I knew it was raining Tuesday morning before I even opened my eyes. I couldn’t hear the rain, but I could feel the pain that the rain always triggers. It happened again today.
I need to move to a desert oasis, free from humidity and moisture. Really, I do.
I want to tell you that I had a great week, because I did, aside from the pain. Two high pain days isn’t that bad (right?). I did find myself huddled on the kitchen floor at one point, but only once, and it was from stomach pain that I suspect was the result of the meds. I stopped the Doxycycline and the pain went with it.
So what was so good about this week? Well, I entered a contest to be The Good Mood Blogger (please take a moment to vote for me ). My friends and family have pulled together for me, bringing in close to 400 votes at last check! I need to stay in the top 20 of applicants to make it to the final round. At that point, I will have to make a video of myself and submit a resume and writing sample.

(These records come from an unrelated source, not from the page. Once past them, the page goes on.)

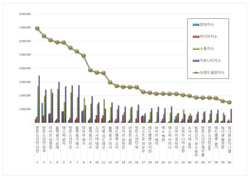 The Korean Business Research Institute วิเคราะห์ฐานข้อมูลของสมาชิกวงไอดอลกรุป K-POP ทั้งสมาชิกวงเกิร์ลกรุป และสมาชิกวงบอยกรุป โดยจัดอันดับชื่อเสียงของแบรนด์โดยการประเมินทั้งเชิงบวกและเชิงลบ ซึ่งรวบรวมจากการมีส่วนร่วมของผู้บริโภคจากช่องทางต่างๆ ในเกาหลี การนำเสนอของสื่อ การสื่อสารและการเข้าถึงบนสังคมออนไลน์
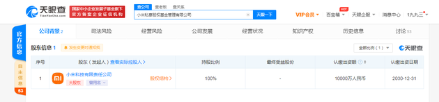 三言财经5月8日消息,天眼查App显示,5月7日,小米私募股权基金管理有限公司成立,注册资本1亿元,法定代表人为林世伟,经营范围含私募股权投资基金管理、创业投资基金管理服务等。股东信息显示,该公司由小米科技有限责任公司全资持股,疑似实际控制人为雷军。
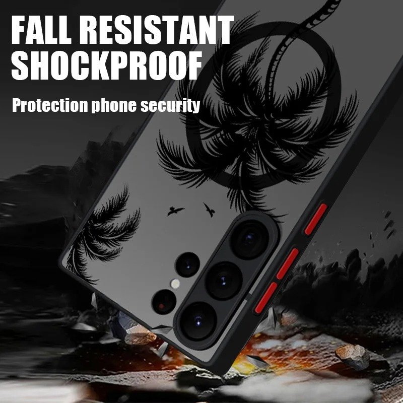This case stands out with its unique coconut palm design, combining aesthetics with practical functionality. The MagSafe compatibility and durable construction make it a versatile accessory for Samsung users who want to protect their devices in style. The anti-fingerprint matte finish ensures it stays clean and sleek all day long.

Truthfully, it is incredibly difficult to be in a good mood when dealing with constant pain. I’m still here. I’m not giving up and I’m smiling as I write this, even though I feel like someone is hitting me in the head with a hammer at the moment.
It is amazing to me, what can be tolerated.
All the world is full of suffering. It is also full of overcoming. – Helen Keller
I do have a secret. it’s one you have heard before. Gratitude. I know it may be hard to find something to be thankful for when you have NDPH. I KNOW. Look harder. Look more carefully. The more you can be thankful for, the better you will feel emotionally. It will strengthen your resolve to go on and to keep fighting your battle.
So this week was a good week. I will deal with the rain and humidity. Just dreaming of my desert oasis will have to be enough for now.
I am thankful for all of the incredible support I’ve received over the past days. It means more than anyone realizes. I am so thankful to my readers as well. Thank you for reading, commenting and for all the emails. You have made this little site a success by visiting.
I am here for you, to support your in your struggle, whenever you need me.